Let's look now at an example where there is a single factor in the study design, the number of replicates per group is unequal and there is clear heterogeneity in multivariate dispersions among the groups. Ellingsen & Gray (2002) studied the biodiversity of soft-sediment macrobenthic organisms and its relationship with environmental variation over large spatial scales in the North Sea. Samples of soft-sediment macrobenthic organisms were obtained from $N$ = 101 sites occurring in five large delineated areas along a transect spanning 15 degrees of latitude (Fig. 6.4). The sample sizes in the five areas were: $n_1$ = 16, $n_2$ = 21, $n_3$ = 25, $n_4$ = 19 and $n_5$ = 20. A total of $p$ = 809 taxa were recorded overall, and samples consisted of abundances pooled across five benthic grabs obtained at each site.

Interest lies in comparing the multivariate assemblages of organisms occurring in these five areas.

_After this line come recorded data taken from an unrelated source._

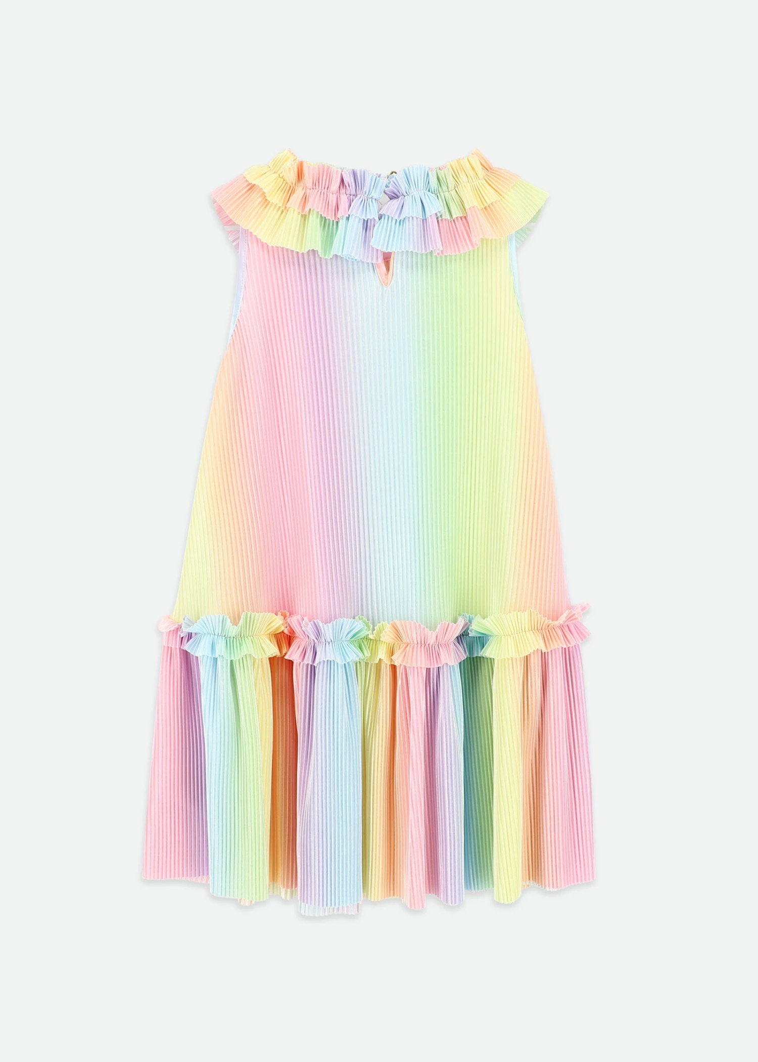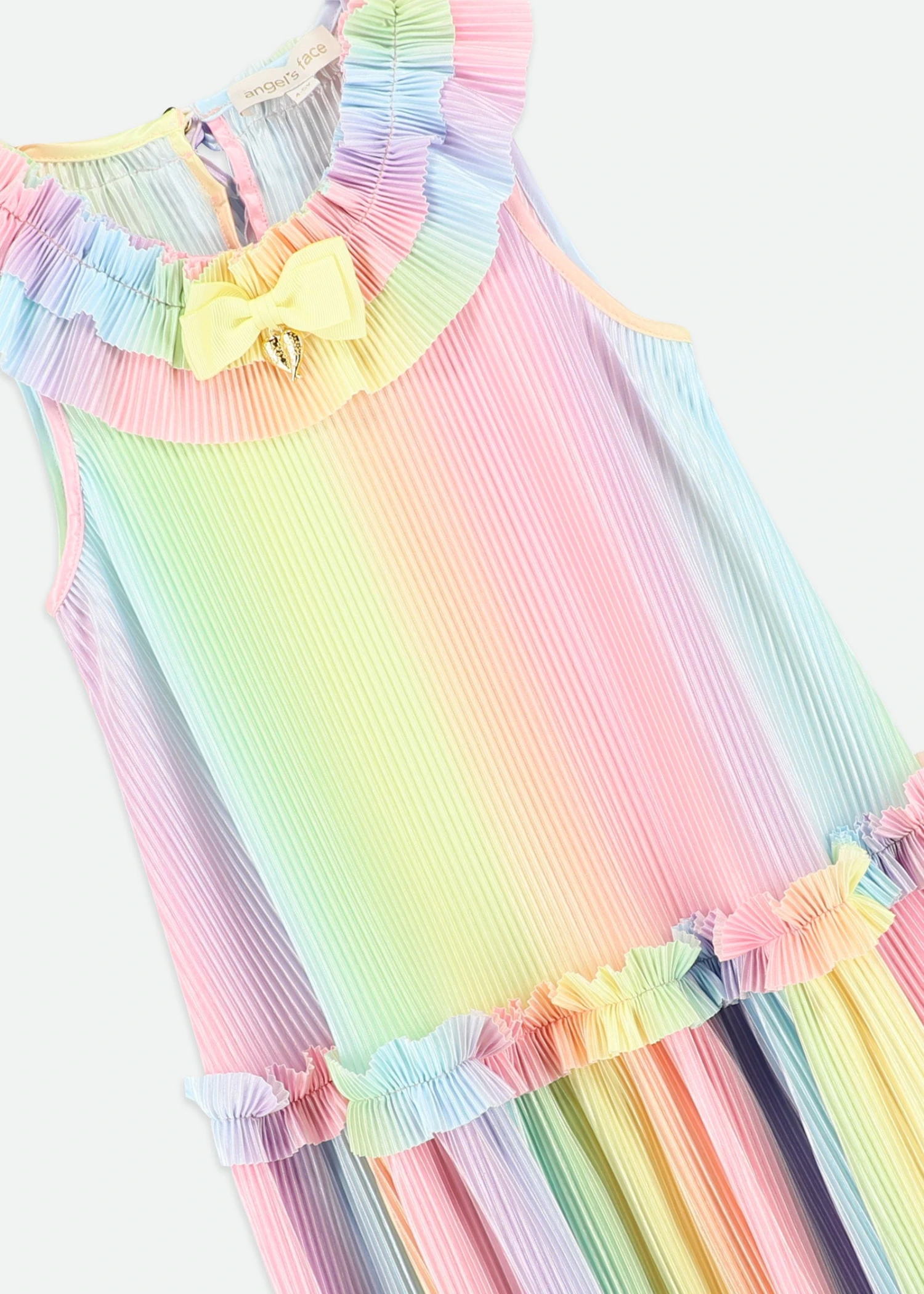 Super soft dress in rainbow with fortuny pleats. This dress features an elegant ruffled neckline and an easy-to-wear A-line shape. Detailed with Angel’s Face signature bow and gold heart charm on the neckline. The dress fastens at the back with gold logo button.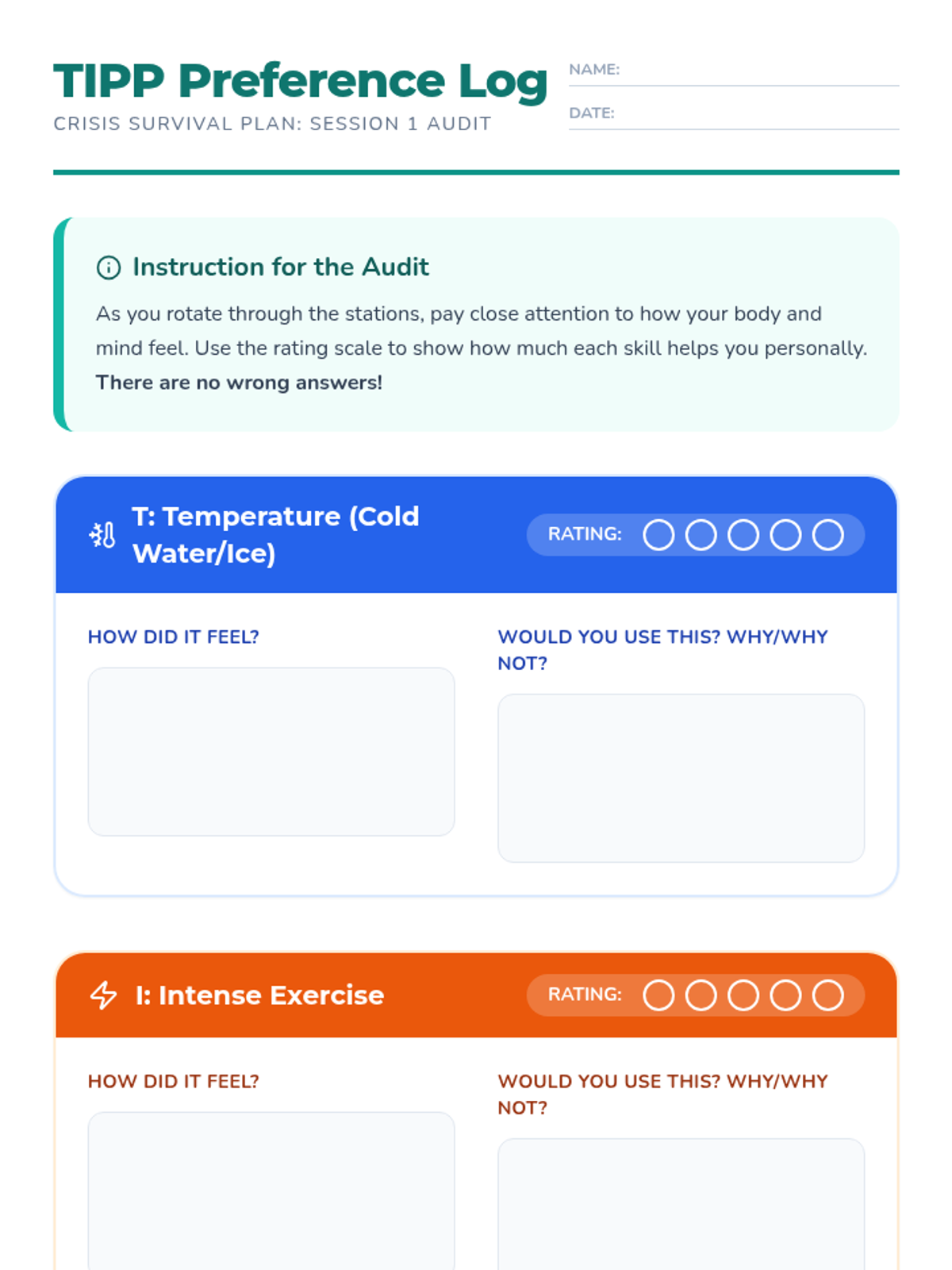 A comprehensive 5th-grade unit introducing the TIPP protocol for crisis survival. Students learn to distinguish between general stress and emotional crises, building a practical toolkit of physiological regulation strategies including temperature change, intense exercise, paced breathing, and paired muscle relaxation.
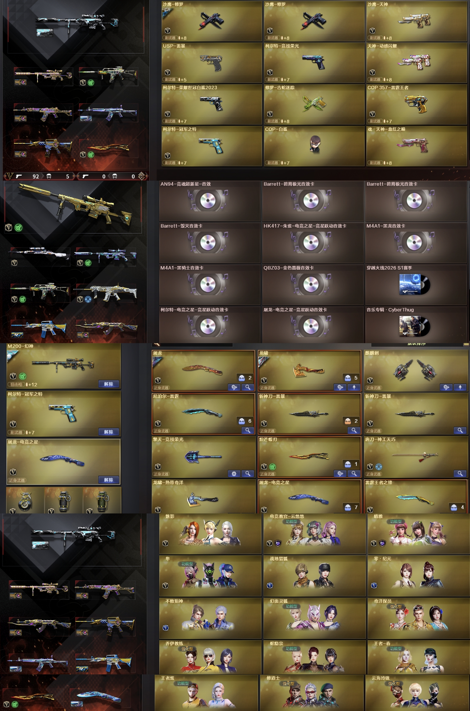 女同heart全皮,幻神2023世冠heart,QBZ女团逐光皮三件套,星神,冠军之特,白虎,毁灭荣耀三件套,炽芒蝶刃,隼,王者炫,王者风神;USP-雷暴,柯尔特-荣耀世冠白鲨2023,柯尔特-冠军之特,炽芒蝶刃,Knife-冠军之刃,隼,电竞教官-云悠悠,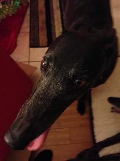 They are rescued racers, both of them. The younger one, the black one, is only a few months off the track, so they have spent almost their entire lives either crated or racing.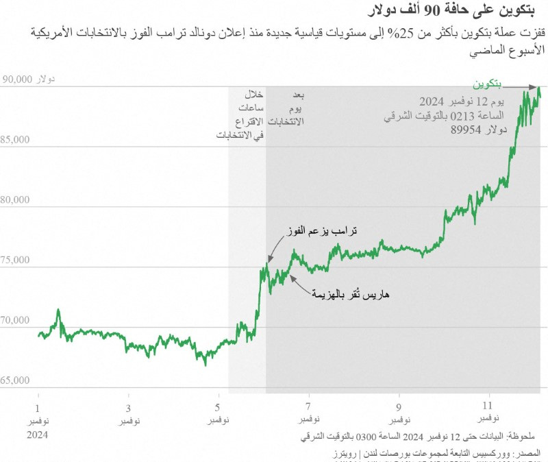 比特币接近9万美元,受到特朗普赢得美国总统的支持 | 路透社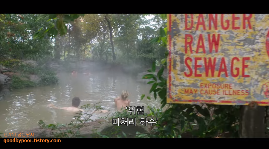 드디어 도착한 온천. 하지만 초입부터 많은 방문객들로 인해 오랜 시간 기다려야 하죠. 가족을 위해 꼼수를 부려보는 아빠는 혹시나 모를 알려지지 않은 온천을 찾게 되고 마침내 하나를 찾습니다. 너무나 아름다운 곳이라 생각한 그들은 수영복을 갈아입고 열심히 머드팩도 하고 가글도 하며 가족만의 즐거운 시간을 가집니다. 그런데 그곳은 온천이 아닌 더러운 물로 가득한 미처리 하수가 모이는 곳. 역시나 거치는 곳 하나하나가 정말 순탄하지 않습니다. 온천을 마치고 나와서도 자동차는 도둑을 맞아 모두 부서져 있고... 암튼 참...
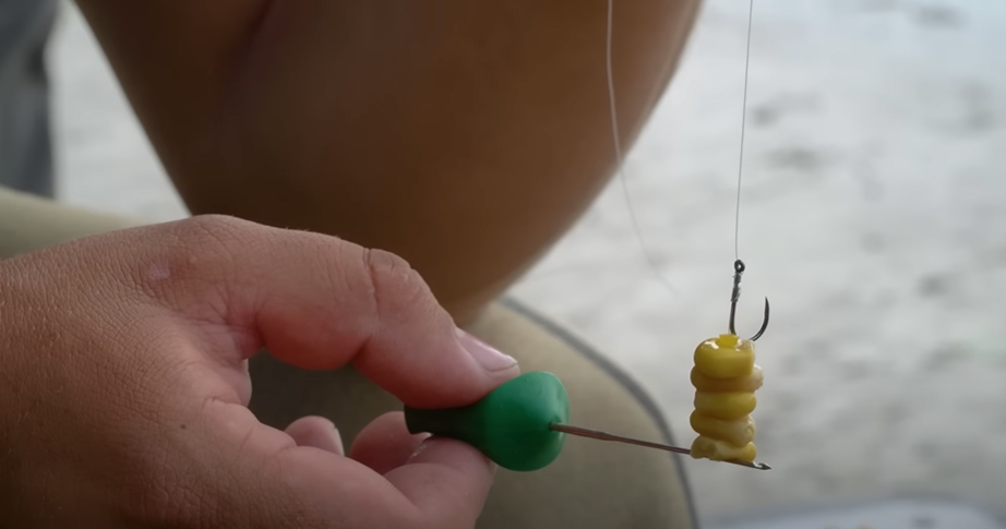 Но все-таки презентация на волосе, опять-таки по моему мнению, является более результативной, поскольку если мы будем насаживать напрямую на крючок, а зёрен нужно насадить достаточно таки много и немножечко будем закрывать жало, тем самым сазану не так будет комфортно засекаться. А если это будет волос, он будет спокойно всасывать крючок, будет попадать вовнутрь и собственно пробивать губу у нашего трофея.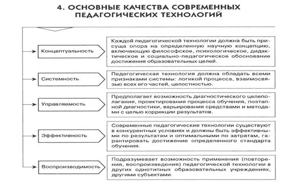 69. Структура педагогической технологии. Критерии технологичности: концептуальность, системность, управляемость, эффективность, воспроизводимость. Концептуальность педагогической технологии предполагает, что каждой педагогической технологии должна быть присуща опора на определенную научную концепцию, включающую философское, психологическое, дидактическое и социально-педагогическое обоснование достижения образовательных целей.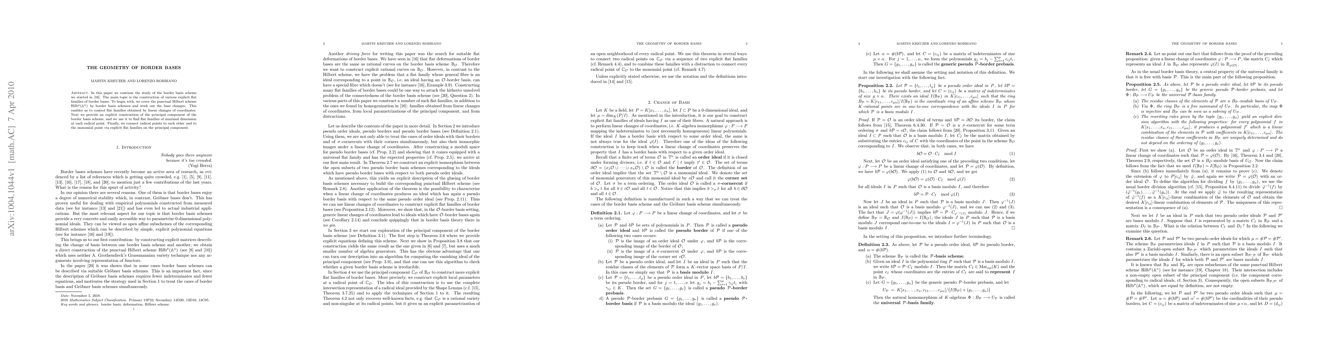 The main topic of the paper is the construction of various explicit flat families of border bases. To begin with, we cover the punctual Hilbert scheme Hilb^\mu(A^n) by border basis schemes and work out the base changes. This enables us to control flat families obtained by linear changes of coordinates. Next we provide an explicit construction of the principal component of the border basis scheme, and we use it to find flat families of maximal dimension at each radical point. Finally, we connect radical points to each other and to the monomial point via explicit flat families on the principal component.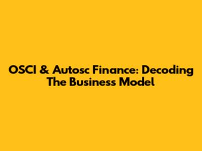 OSCI & Autosc Finance: Decoding The Business Model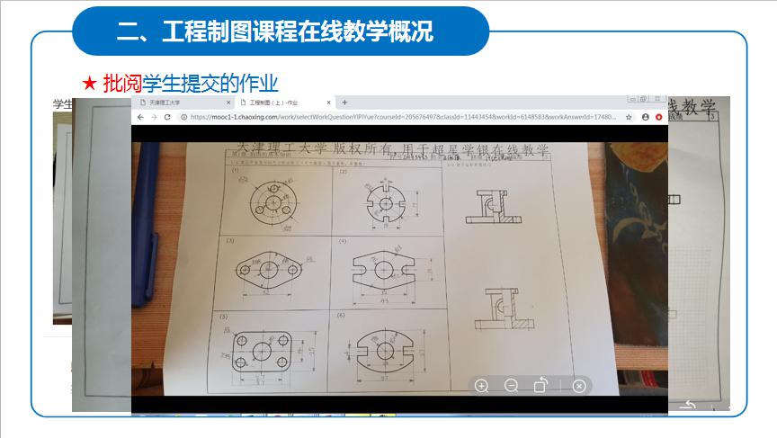机械工程学院教师穆浩志讲授的《工程制图》课程需要学生动手实操,穆老师采用线上线下混合教学的方式,学生绘图后拍照上传,再与学生进行讨论修改,取得了良好的互动效果。工程训练中心针对课程主体为实训环节的特点,调整课程安排,据工训中心教师姜佳怡介绍,中心针对疫情防控期间授课特点,对课程安排进行了总体的调整,搭建并开放了虚拟仿真实验平台,部分试验项目通过虚仿平台完成,需要现场开展的实验项目保留至下半学期进行。华信软件学院教师罗宗卉针对学生需要编写程序,并体现程序编写过程的特点,让学生通过录屏方式,保留作业完成过程,保证学生作业独立完成,并便于发现作业完成中的问题。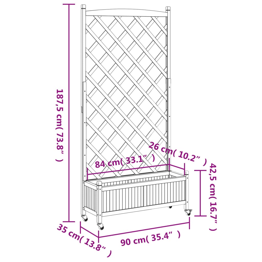Deze plantenbak met latwerk en wielen is een uitstekende keuze voor klimplanten in je tuin, op je terras of op je patio.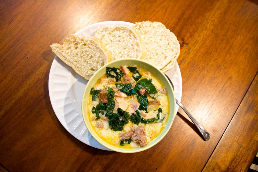 Rub the roast liberally in the spice mixture and put in an oven safe pan (I use my cast-iron skillet). Pop in the oven at 400 degrees for 15 mins, then turn it down to 325 and pour 1/3 cup dry white wine over the roast to deglaze the pan, and pop it back in. Check the roast about every 15 mins, if the pan is dry then add another 1/3 cup wine; if not, baste the roast in the juices in the pan. Do that every 15 mins until the roast reads 135 degrees on a meat thermometer (with resting it will hit 145, which is the suggested temp for pork) and has a nice crisp layer on the top. Take the roast out and place on a cutting board to rest. While that’s happening, put the pan with the drippings on the stove at medium heat. Add in 1/2 cup chicken stock and simmer until thick, making sure to scrape the bottom of the pan to get up all the delicious brown bits. Once that’s done, slice up the roast in about 1/3″ slices, serve over some type of grain and drizzle the sauce over the top.
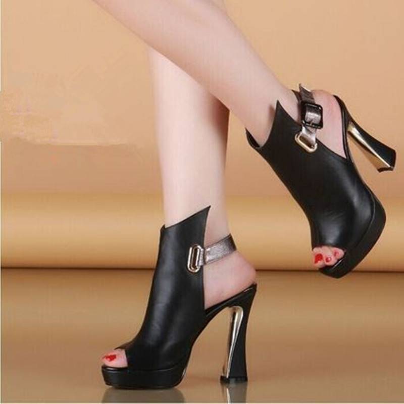 凉鞋女夏鱼嘴粗跟高跟鞋百搭真皮2018夏季新款白色大码小码女鞋子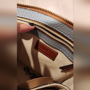 Dooney & Bourke Gray and Brown Crossbody Bag with Pebbled Texture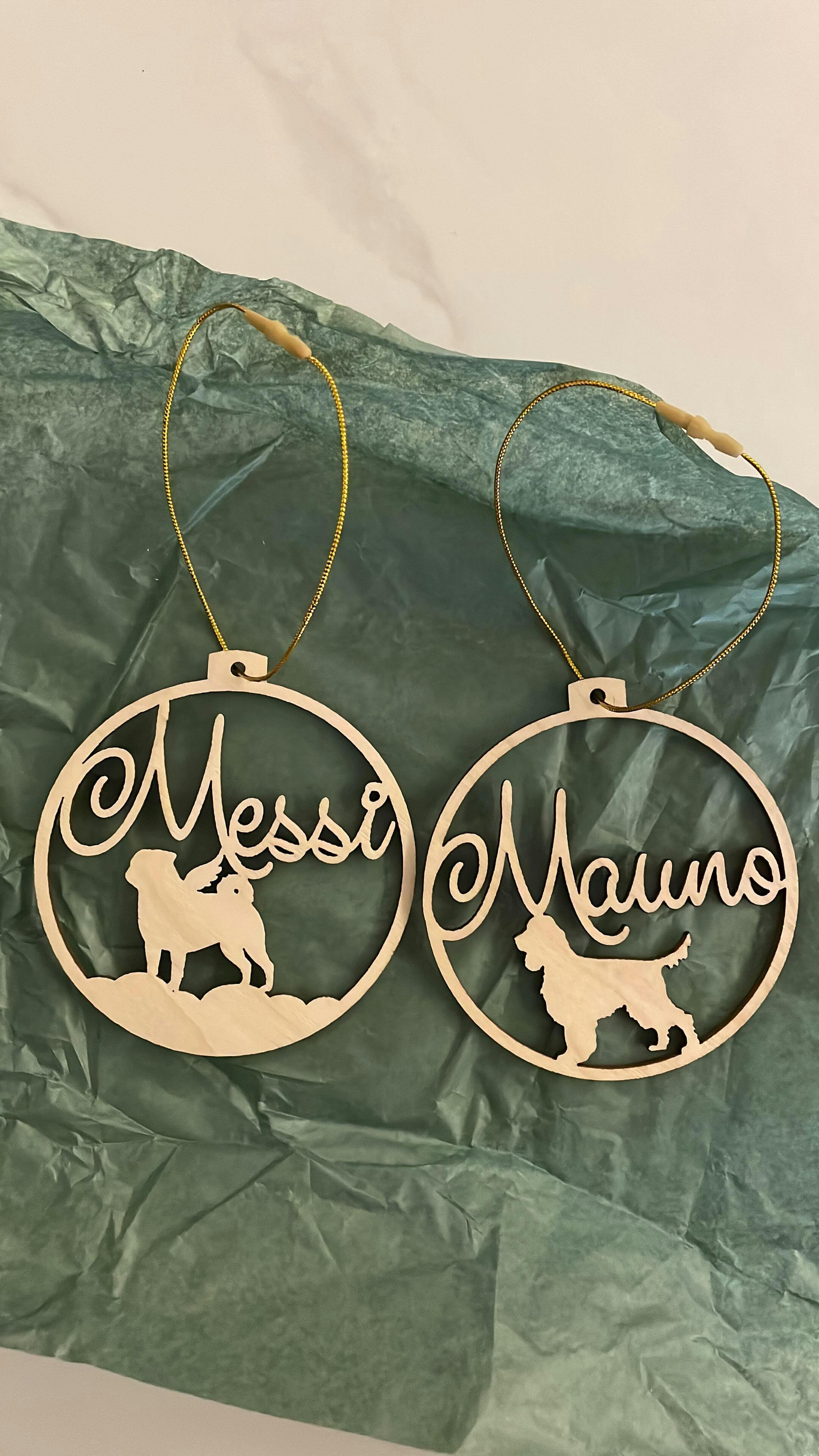 Jokainen koira ansaitsee paikkansa kuusen oksalla. Tämä joulupallo on täydellinen tapa muistaa rakasta edesmennyttä koiraa. Koiran siluettiin lisätään siivet ja voit myös halutessasi lisätä koiran alapuolelle pienen, pari sanaa pitkän, toivotuksen.

More specifically, we wish to use PERMANOVA to test the null hypothesis:

H₀: there are no differences in the centroids of these 5 areas in the space of the Jaccard resemblance measure, allowing for any potential heterogeneity in the within-group dispersions among these areas.

In ecology, the Jaccard measure is directly interpretable as the percentage of shared species between every pair of sampling units. When expressed as a dissimilarity, it is often used as a pure measure of turnover in studies of beta diversity ( Anderson et al. (2006) ).

Fig. 6.4. Map showing locations of sites in each of 5 areas in the North Sea from which macrobenthic fauna were sampled (after Ellingsen & Gray (2002) ).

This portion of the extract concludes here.